If I happen to have hit on the right story, I'd like someone to fill in the blanks. If, as is more likely, I've concocted a completely wrong story, I'd like someone to give me a more accurate story at about the same level of sophistication. Thanks!

  • $\begingroup$ I tried to fill out your 'Mad Lib' style paragraph. But ran into a problem. The group in question is SU(2)xU(1), but not all (infinite number of) representations are realized in nature. I tried filling it out in my answer below. $\endgroup$
    – QuantumDot
    Aug 25, 2012 at 23:39
  • $\begingroup$ This video lecture by Prof. Susskind could be useful. $\endgroup$
    – user10001
    Aug 26, 2012 at 0:29

3 Answers 3


No, it doesn't work like that. The Higgs boson doesn't complete a set of particles that we had some theoretical reason to expect to exist. (Other particles have been predicted in roughly that way, e.g. the charm and top quarks.) So in the sense I believe you're thinking about it, physicists had no reason to predict the existence of the Higgs boson.

Where it actually comes from is the fact that particles have mass. The Lagrangian (if you're not familiar with what a Lagrangian is, let me know, I'll edit in an explanation) of the standard model is supposed to be invariant under the gauge group $SU(3)\times SU(2)\times U(1)$, but if you explicitly include terms to make the particles have mass, they break that gauge invariance. The Higgs mechanism allows the mass terms to spontaneously appear out of a change of coordinates, and it turns out that when they appear in this way (as opposed to being explicitly added in), the gauge invariance is preserved.

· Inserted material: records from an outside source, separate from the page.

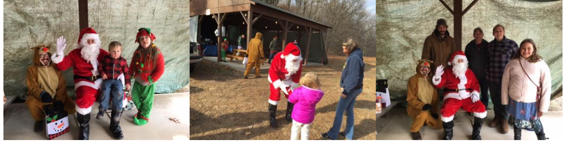
SHLOA Christmas with Santa: December 10, 2017

The first annual SHLOA Easter Egg hunt is scheduled for Saturday, March 24<sup>th</sup>, at 10:00 AM at the ball field. Residents and children are invited to attend, enjoy the festivities, and have their picture taken with the Easter Bunny! Please join us for this fun family event. Hop(e) to see you there!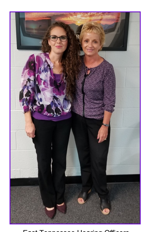
East Tennessee Hearing Officers Greeneville and Johnson City Offices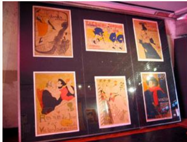
Fig. 2, Installation view of "La Belle Époque de la pub," with Pierre Bonnard's poster, La Revue Blanche , 1894. [return to text]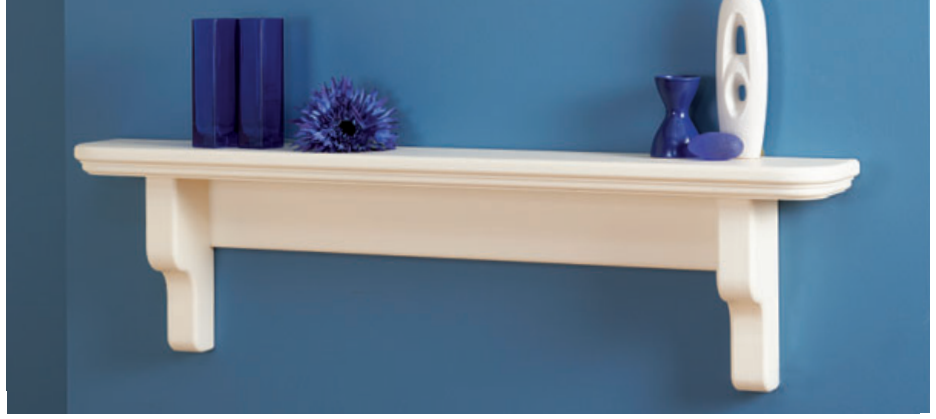
Long Corbel Shelf: Antique White Finish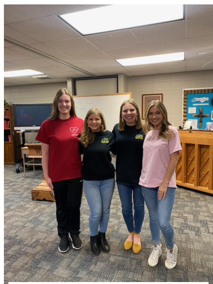
2020-2021 Alabama District Anchor Officers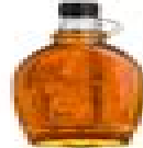
real maple syrup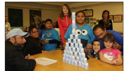
Learning to build developmental assets

Please consider making a tax deductible, year-end charitable gift to Wings, a 501(c) 3 organization, through United Way, company matching-fund contributions, on-line, or the enclosed envelope.

And if the Higgs mechanism is going to happen, it necessarily calls for the existence of at least one more particle, namely the Higgs boson.

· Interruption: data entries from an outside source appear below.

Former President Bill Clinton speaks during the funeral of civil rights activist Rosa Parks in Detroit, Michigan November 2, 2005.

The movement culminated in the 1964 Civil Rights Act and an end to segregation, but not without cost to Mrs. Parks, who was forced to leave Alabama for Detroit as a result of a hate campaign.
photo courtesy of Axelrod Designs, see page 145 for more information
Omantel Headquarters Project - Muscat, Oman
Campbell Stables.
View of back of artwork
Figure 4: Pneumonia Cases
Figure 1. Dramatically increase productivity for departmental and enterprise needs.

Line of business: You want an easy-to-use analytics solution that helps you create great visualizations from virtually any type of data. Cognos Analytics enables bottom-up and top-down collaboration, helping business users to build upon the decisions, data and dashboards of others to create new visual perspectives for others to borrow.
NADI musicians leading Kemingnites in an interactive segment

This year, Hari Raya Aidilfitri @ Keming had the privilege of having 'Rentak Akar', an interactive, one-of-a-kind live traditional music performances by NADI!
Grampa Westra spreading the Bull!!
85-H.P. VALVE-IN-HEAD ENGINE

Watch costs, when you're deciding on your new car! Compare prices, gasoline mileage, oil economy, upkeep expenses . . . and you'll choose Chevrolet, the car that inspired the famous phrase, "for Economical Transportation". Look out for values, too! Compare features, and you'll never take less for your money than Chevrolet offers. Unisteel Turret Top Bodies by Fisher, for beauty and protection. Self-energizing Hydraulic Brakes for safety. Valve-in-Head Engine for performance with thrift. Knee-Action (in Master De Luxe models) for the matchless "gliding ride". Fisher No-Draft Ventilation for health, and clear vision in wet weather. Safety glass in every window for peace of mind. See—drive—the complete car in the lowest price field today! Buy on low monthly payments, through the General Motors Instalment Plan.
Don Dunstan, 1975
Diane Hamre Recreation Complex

I've written a blog post about this which provides some more mathematical details.

  • 2
    $\begingroup$ and, more importantly, renormalizability is preserved! $\endgroup$ Aug 26, 2012 at 11:20
  • $\begingroup$ Careful: Explicit mass terms for gauge bosons (I assume that's what you were talking about) only naively break gauge invariance: The longitudinal mode (aka Stückelberg mode) that one can always split off from the massive boson restores gauge invariance! $\endgroup$
    – Danu
    Dec 16, 2015 at 23:49

With a few corrections, I think the paragraph should read:

"Consider the following group SU(2)xU(1). This group is known to have an infinite number of irreducible representations. All but most Some of these representations corresponds to a previously-observed particle via a correspondence in which the property Quadratic Casimir eigenvalues corresponds to the property (of) Weak-isospin and hypercharge. The Higgs Boson is the particle that corresponds to the remaining representation weak isospin-1/2 and hypercharge 1/2 ."

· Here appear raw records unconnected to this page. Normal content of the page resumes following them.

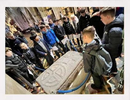
ROOM 13 IN ST.PATRICK'S CATHEDRAL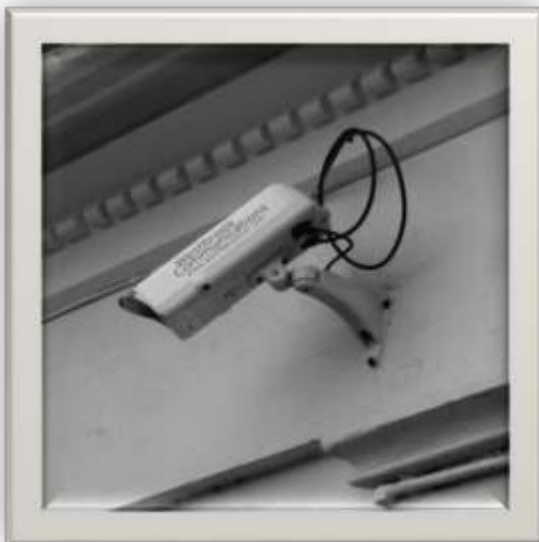
CCTV Camera (Infinity e Services)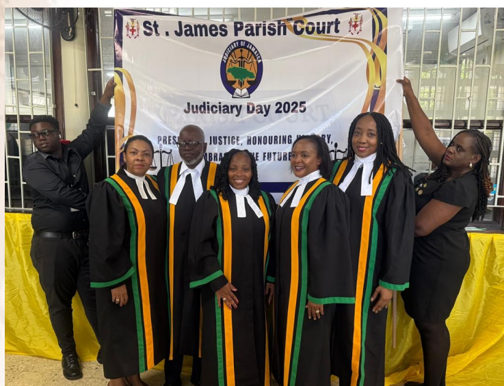
Judges and staff of the St. James Parish Court pauses for a photo during their Judiciary day activities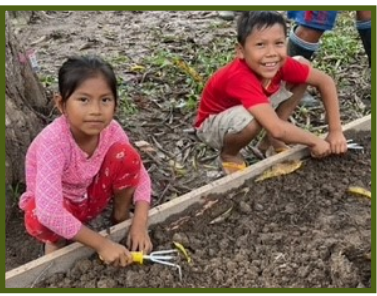
planting camu camu

I also visited our school kitchen project in the village of Ramon Costillo. (The Peruvian government provides meals to all schools with a kitchen). The population of this village is 60-70 people. They have solar panels at each home, some walkway lights and a new water treatment system. The school also has functioning bathrooms! While I was there, we planted camu camu tree saplings in the children's orchard behind the school garden. Students are responsible for the orchard and garden. The fruit will be used to feed the school children and community. Cacao trees planted in 2019 are producing fruit to feed the community and the excess is sold at market. Lemon trees planted in 2021 are adding strong growth and are thriving. Thank you for making these sustainable, life-changing projects possible!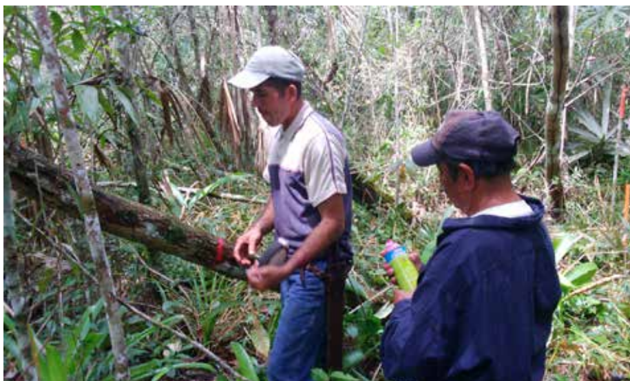
Tree measurement in a permanent sample plot.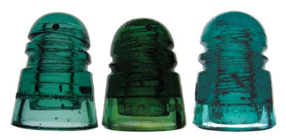
HEMINGRAY Typical aqua, BROOKFIELD Dark Green & BROOKFIELD true Blue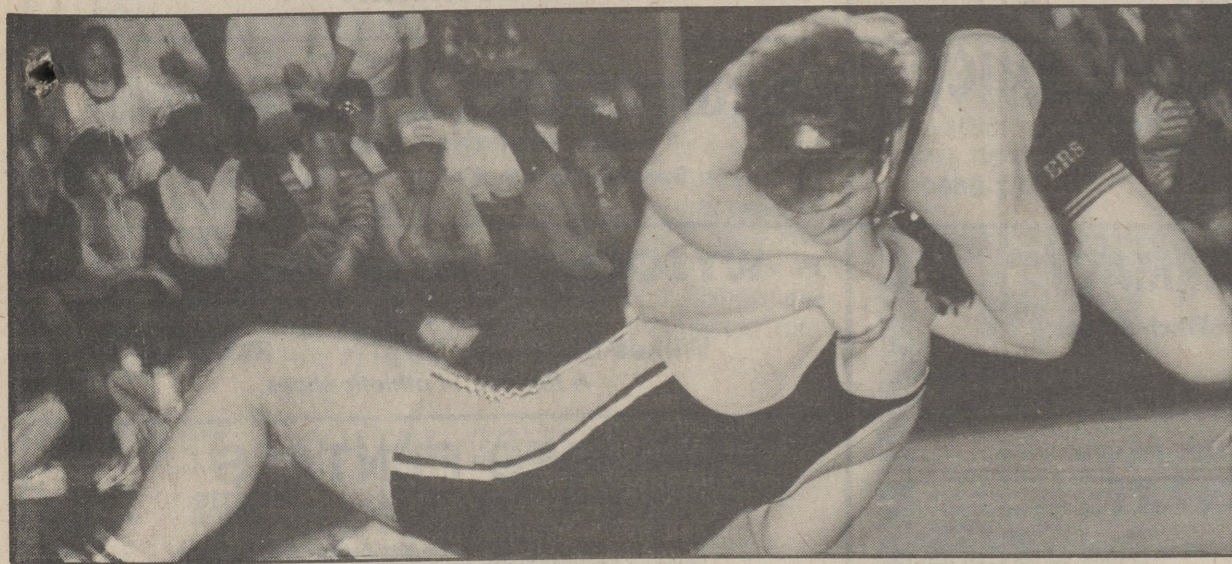
DALLAS MATMEN GO DOWN FIGHTING — Tunkhannock wrestlers defeated the Dallas Mountaineers Saturday on the Tigers mats but the Dallas wrestlers fought hard for a win. Above, the wrestlers from both schools fight tough to gain the win but in this bout, Tunkhannock came out on top.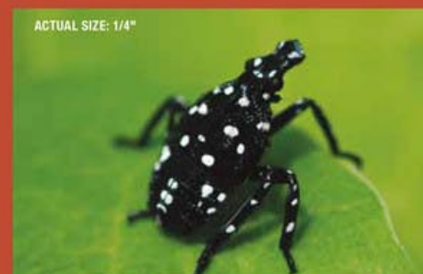
Nymph (early stage) can be found late April–July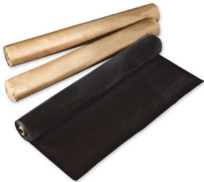
FLOATSHEET® VIB AD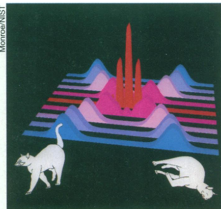
A single atom can appear in two places at the same time, shown here by paired probability curves.

While this experiment ignores macroscopic effects on objects such as Schrödinger's cat, it may at least have demonstrated, says Zurek, "the paradox of Schrödinger's kitten." — R. Lipkin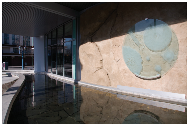
Still Water, Gwen Boyle, 2009

In physics, I'd argue you should get familiar with the following algorithm:

"Finally there is an interesting problem and you have an idea. Get overwhelmed by the new math. Try to make the simplest model. Invest some time, hope that nobody else has a better idea and that your approach works out in the experiment. (And hope that there is an experiment relating to your work. In your lifetime.)"

The short version of the story is that Yang-Mills theory worked out for previous field interactions and people tried to extend it to other phenomena. For your purposes, the introduction on Wikipedia Yang-Mills theory is worth reading. I will not write it down here, but maybe someone else wants to.

There are some restrictions people came up with which restricts you somewhat, but there is not only one Higgs model. You will have physicists working on alternative approaches in every bigger university.

Two more comments: Why some gauge groups work out and others don't isn't really clear. And also, there are usually a great bunch of irreducible representations. The rotation group in three dimensions has at least one for every integer.